The Hercules card provides two modes:
- text mode with pixel font (effective resolution of , MDA-compatible)
- graphics mode (pixel-addressable graphics)

The text mode of the Hercules card uses the same signal timing as the MDA text mode.

The Hercules graphics mode is similar to the CGA high-resolution two-color mode; the video buffer contains a packed-pixel bitmap (eight pixels per byte, one bit per pixel) with the same byte format—including the pixel-to-bit mapping and byte order—as the CGA two-color graphics mode, and the video buffer is also split into interleaved banks, each 8 KB in size.

However, because in the Hercules graphics mode there are more than 256 scanlines and the display buffer size is nearly 32 KB (instead of 16 KB as in all CGA graphics modes), four interleaved banks are used in the Hercules mode instead of two as in the CGA modes. Also, to represent 720 pixels per line instead of 640 as on the CGA, each scanline has 90 bytes of pixel data instead of 80.
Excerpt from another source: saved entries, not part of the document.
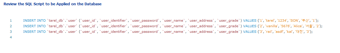 눈치가 빠른사람들은 창에 뜬 CREATE SCHEMA 'tarel_db'; 가 쿼리문이라는 것을 알것이다.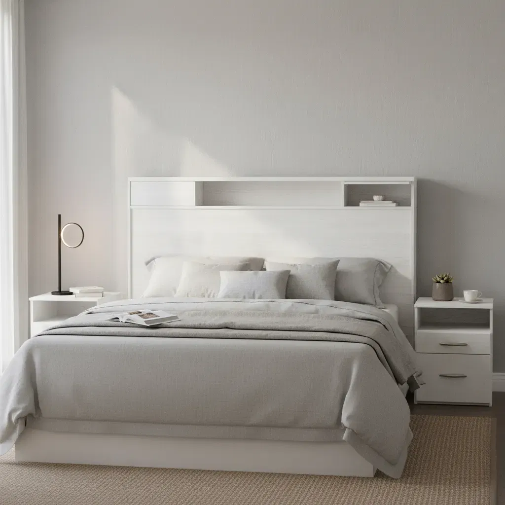 Respaldo para sommier de hasta 2 y 1/2 plazas de melamina. Estante central. Dos gavetas con puerta batiente. Color Blanco. (Disponible en otros colores).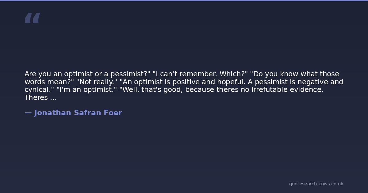 Are you an optimist or a pessimist?" "I can't remember. Which?" "Do you know what those words mean?" "Not really." "An optimist is positive and hopeful. A pessimist is negative and cynical." "I'm an optimist." "Well, that's good, because theres no irrefutable evidence. Theres nothing that could convince someone who doesnt want to be convinced. But there is an abundance of clues that would give the wanting believer something to hold on to.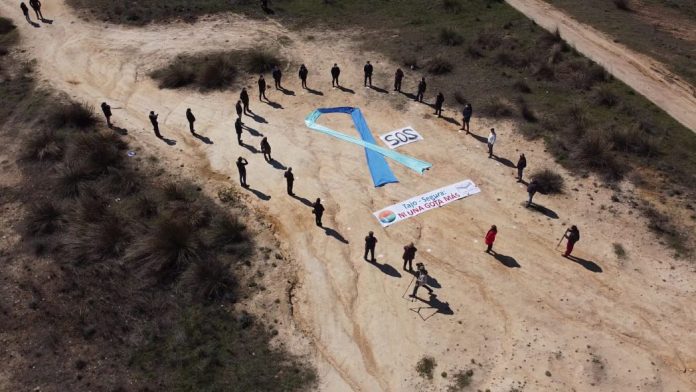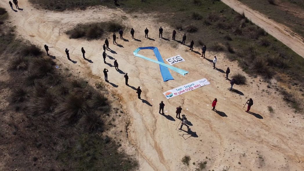 Los alcaldes de la Asociación de Municipios Ribereños de los Embalses de Entrepeñas y Buendía se han agrupado este sábado en un acto simbólico en torno a un gigantesco lazo en dos tonos de azul para lanzar un mensaje claro al Ministerio para la Transición Ecológica y el Reto Demográfico: “Este año hay que cumplir la sentencia del Tribunal Supremo y poner fin a la sed insaciable de la agroindustria del Levante”. Los Ribereños reclaman una lámina mínima estable de 1000 hectómetros cúbicos, alrededor del cuarenta por ciento de la capacidad de los embalses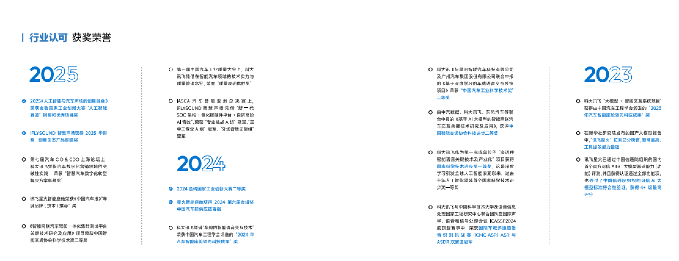 作为亚太地区知名的人工智能龙头企业,科大讯飞在汽车智能化领域成绩斐然。截至2026年3月,已为一汽、东风、长安、大众、日产等数十家车企累计提供前装产品超7300万套,年在线交互次数突破160亿次,讯飞星火大模型已落地30 +款量产车型,车载语音交互市场份额长期稳居行业第一。此次在北京车展的系列发布,科大讯飞不仅完成了自身从智能交互核心技术到全场景智能座舱、智慧声场、辅助驾驶、车企数智化的全链条能力升级,更以全栈自主可控的AI技术底座,为中国汽车品牌的智能化升级与全球化出海提供了有力支撑,推动智能汽车行业进入新的发展阶段。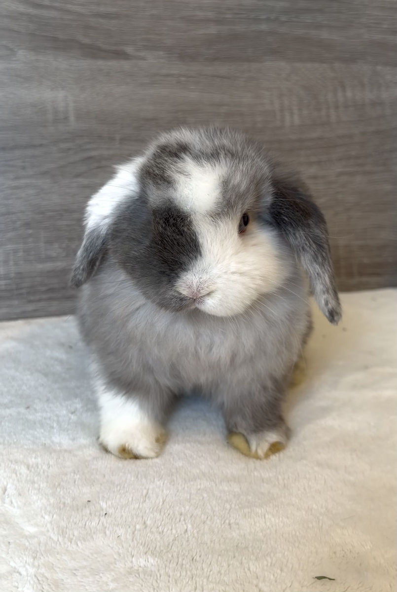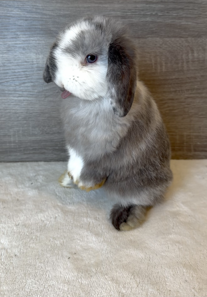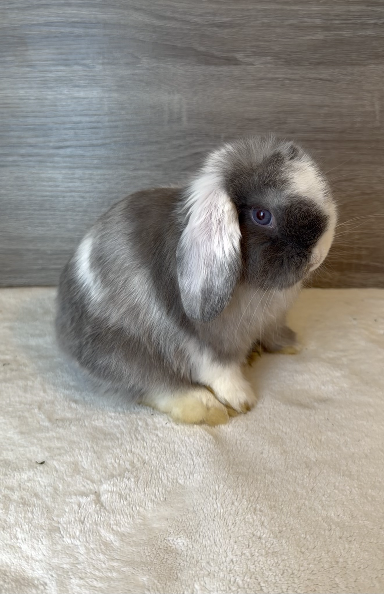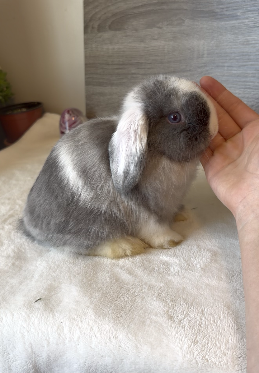 Meet Dove! An adorable Holland Lop doe with a gorgeous Blue Magpie Vm coat and soft blue eyes! Dove is an adorably sweet doe who is just too cute! She is friendly and sweet but on the more shyer side but warms up quickly to people as long as you give her loads of affection! She has been held daily since day 1 and is very used to it. She is such a sweet, gentle, shy doe who is so perfect! She was born February 14 and is ready to hop to her furever home this Saturday! Dove has been raised around people of all ages, dogs, and has been raised outdoors but can be an indoor pet. When she leaves she will be given a fresh nail trim, a bag of food(pellets) and a lifetime of support!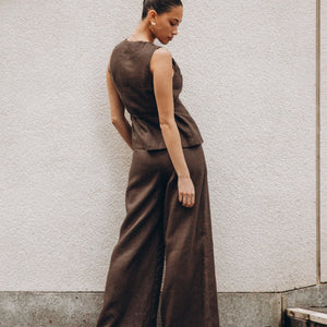 The Linen Tie Top by White Closet in a deep chocolate shade combines timeless elegance with breathable comfort. Crafted from premium linen, its tailored fit and subtle tie detail create a polished look perfect for sophisticated occasions or elevated everyday wear.

The 64 KB RAM of the HGC can hold two graphics display pages. Either page can be selected for display by setting a single bit in the Mode Control Register. Another bit, in a configuration register exclusive to the HGC, determines whether the second 32 KB of RAM on the HGC is accessible to the CPU at the base address B8000h. This bit is reset at system reset (e.g. power-on) so that the card does not conflict with a CGA or other color card at address B8000h.

== Use ==
In text mode, the HGC appears exactly like an MDA card. Graphics mode requires new techniques to use. Unlike the MDA and CGA, the PC BIOS provides no intrinsic support for the HGC. Hercules developed extensions, called HBASIC, for IBM Advanced BASIC to add HGC support and Hercules cards came with Graph X, a software library for Hercules graphical-mode support and geometric primitives.

Popular IBM PC programs such as Lotus 1-2-3 spreadsheet, AutoCAD computer-aided drafting, PageMaker and Xerox Ventura desktop publishing, and Microsoft Flight Simulator 2.0 came with their own drivers to use the Hercules graphics mode.
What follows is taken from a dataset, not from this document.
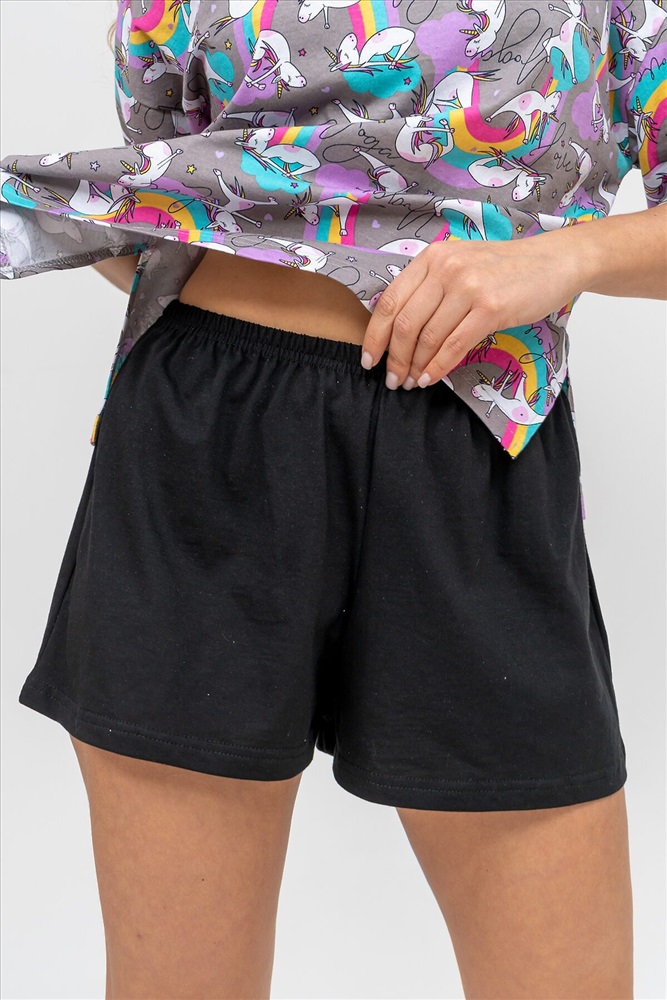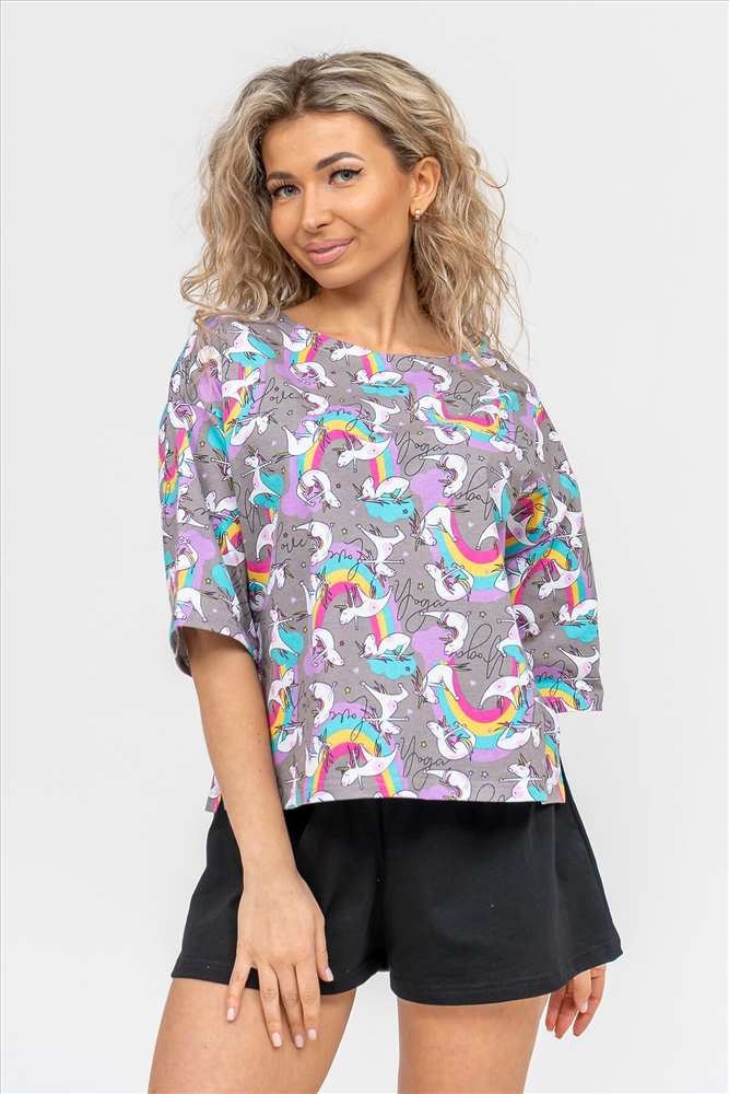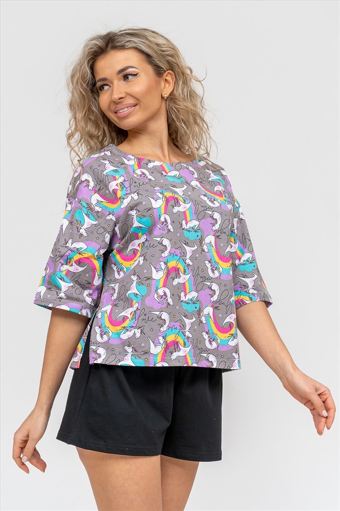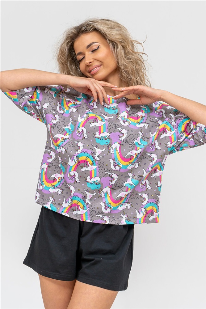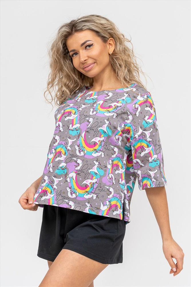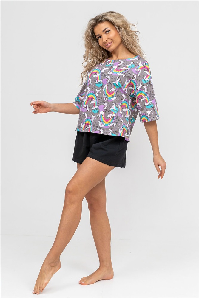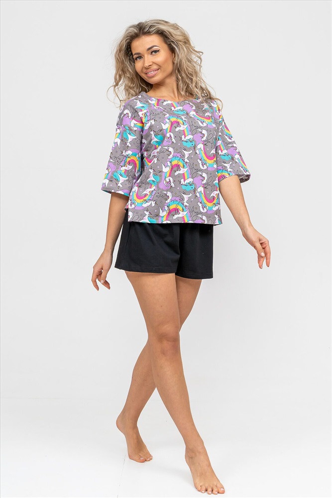 ID товара: 978776 Состав: 100% Хлопок Сезон: Демисезон Длина: Средняя Фасон: Свободный Рукав: короткие Крой брючин: Широкий Рисунок: Фантазийный Декоративные элементы: Принт Основная ткань: Хлопок Вид ткани: Кулирка Страна бренда: Россия Страна производства: Россия Женский модный костюм - это невероятно удобный вариант одежды для дома, сна, отдыха или пижамной вечеринки. Домашний костюм двойка сшит из натурального хлопка, лёгкого и приятного материала. Пижама состоит из свободной футболки с новым трендовым дизайном ткани и свободных шорт. Стильный костюм комфортно садится по фигуре, выглядит женственно и привлекательно, очаровывая всех. А также модель такого плана - это отличная идея для полезного и практичного подарка на день рождения, 14 февраля, 8 марта и любой другой праздник. Мы уверены, что эта хлопковая пижама подарит Вам истинное наслаждение при каждодневном использовании. Выбирайте деликатный способ стирки при температуре 30С, тогда домашний комплект прослужит долго. Ориентируясь по таблице замеров, обратите внимание, что замеры длины рукава проводились от точки основания шеи. Комментарии к товару

Though the graphics mode of the Hercules card is not CGA-compatible, it is similar enough to the two CGA graphics modes that with the use of third-party terminate-and-stay-resident programs it can also work with programs written for the CGA card's standard graphics modes. As the Hercules card does not actually have color-generating circuitry, nor can it connect to a color monitor, color appears as simulated grayscale in varying dithering patterns.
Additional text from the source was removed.